● **Exercise description**
For the material below, return exactly the lines starting at the one holding "1664x2944 iPhone wallpaper" and ending at the one holding "Dramatic Cloudy Sky", counting both as part of the range.

======== Material for this exercise ========

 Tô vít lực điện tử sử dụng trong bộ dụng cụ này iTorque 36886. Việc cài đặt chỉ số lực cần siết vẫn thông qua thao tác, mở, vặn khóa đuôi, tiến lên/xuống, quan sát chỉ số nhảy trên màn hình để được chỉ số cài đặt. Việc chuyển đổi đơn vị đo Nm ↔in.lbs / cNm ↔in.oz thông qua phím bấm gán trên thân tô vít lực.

========
======== Material for this exercise ========

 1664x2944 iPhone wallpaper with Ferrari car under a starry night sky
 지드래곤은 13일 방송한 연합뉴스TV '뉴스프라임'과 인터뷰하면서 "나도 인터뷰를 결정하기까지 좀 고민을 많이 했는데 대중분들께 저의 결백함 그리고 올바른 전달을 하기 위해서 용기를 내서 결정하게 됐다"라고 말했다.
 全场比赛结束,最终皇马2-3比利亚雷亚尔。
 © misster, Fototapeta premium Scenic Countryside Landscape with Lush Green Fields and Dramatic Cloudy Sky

========
======== Material for this exercise ========

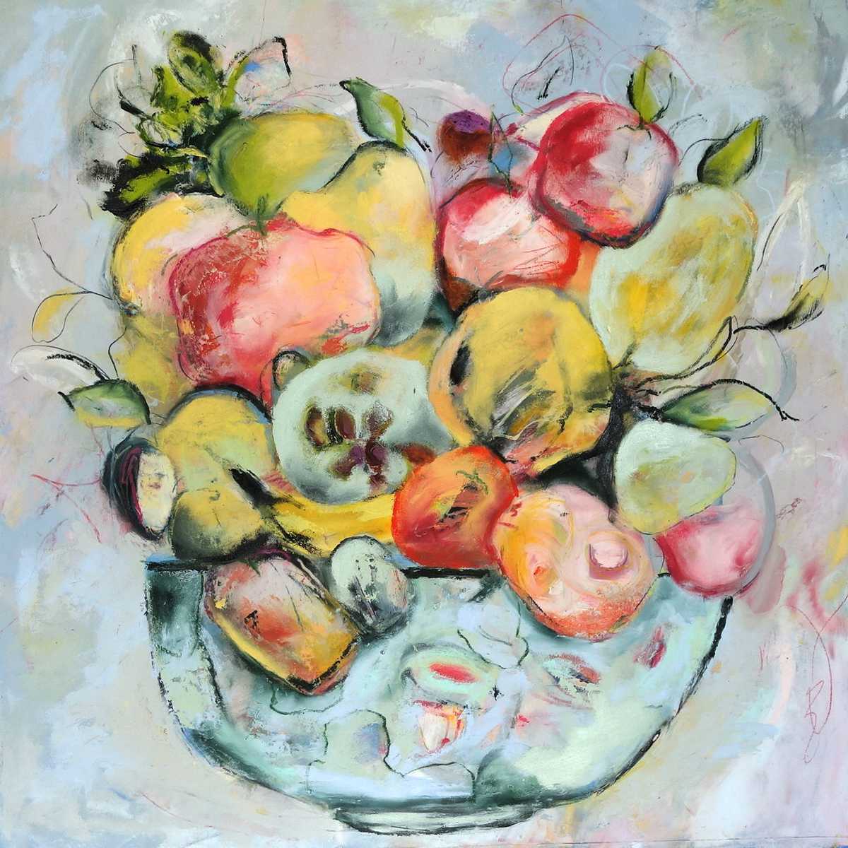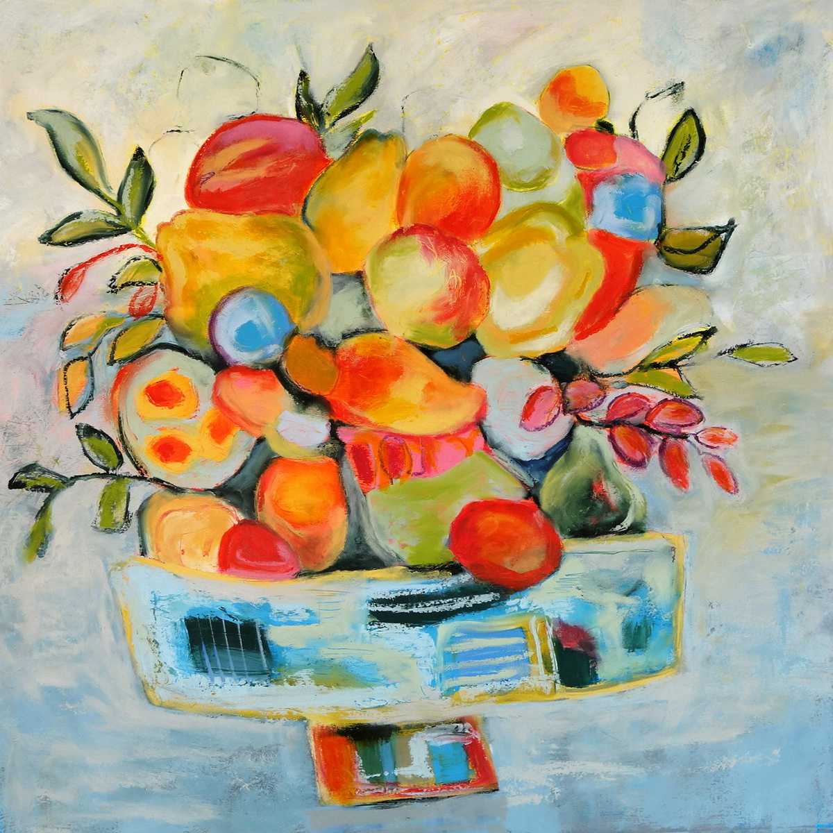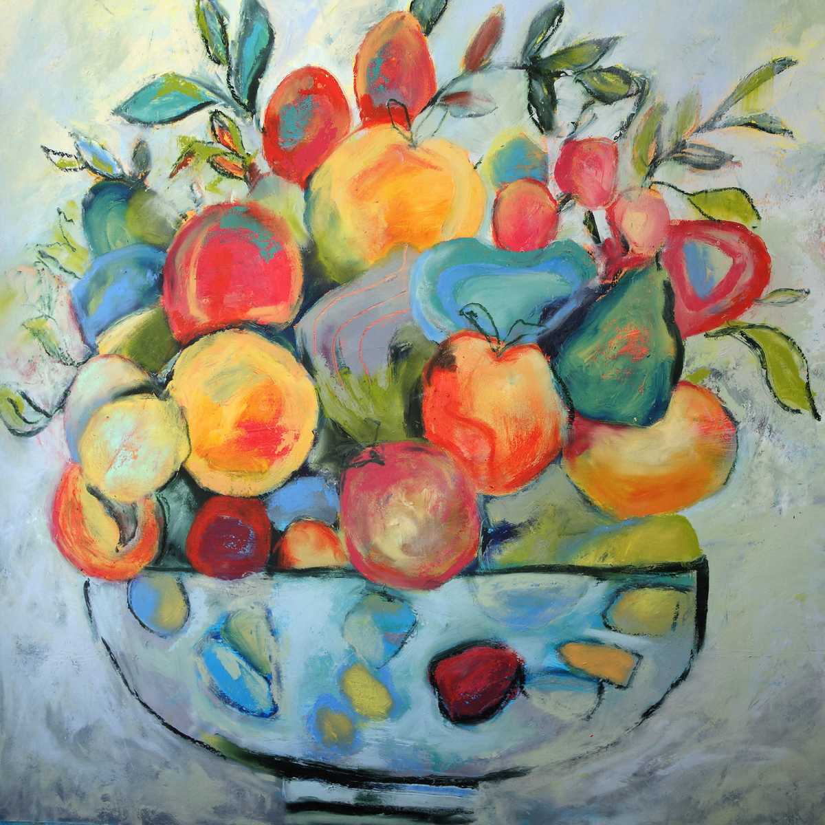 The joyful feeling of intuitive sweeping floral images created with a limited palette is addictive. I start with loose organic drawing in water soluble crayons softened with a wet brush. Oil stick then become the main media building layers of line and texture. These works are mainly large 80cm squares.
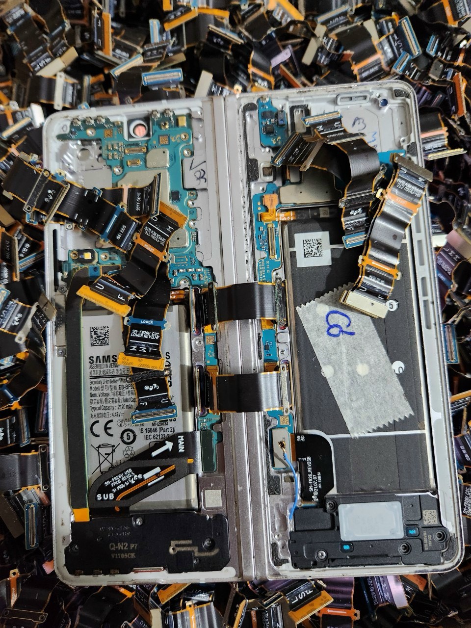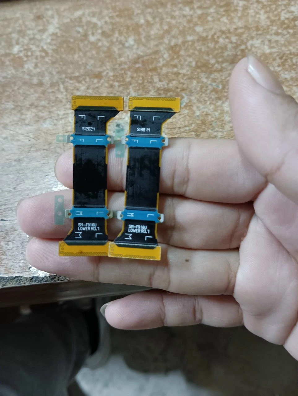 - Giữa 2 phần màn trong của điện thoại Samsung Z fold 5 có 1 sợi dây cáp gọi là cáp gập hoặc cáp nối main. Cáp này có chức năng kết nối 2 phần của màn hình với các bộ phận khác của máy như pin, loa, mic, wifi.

========

● **Response**
 1664x2944 iPhone wallpaper with Ferrari car under a starry night sky
 지드래곤은 13일 방송한 연합뉴스TV '뉴스프라임'과 인터뷰하면서 "나도 인터뷰를 결정하기까지 좀 고민을 많이 했는데 대중분들께 저의 결백함 그리고 올바른 전달을 하기 위해서 용기를 내서 결정하게 됐다"라고 말했다.
 全场比赛结束,最终皇马2-3比利亚雷亚尔。
 © misster, Fototapeta premium Scenic Countryside Landscape with Lush Green Fields and Dramatic Cloudy Sky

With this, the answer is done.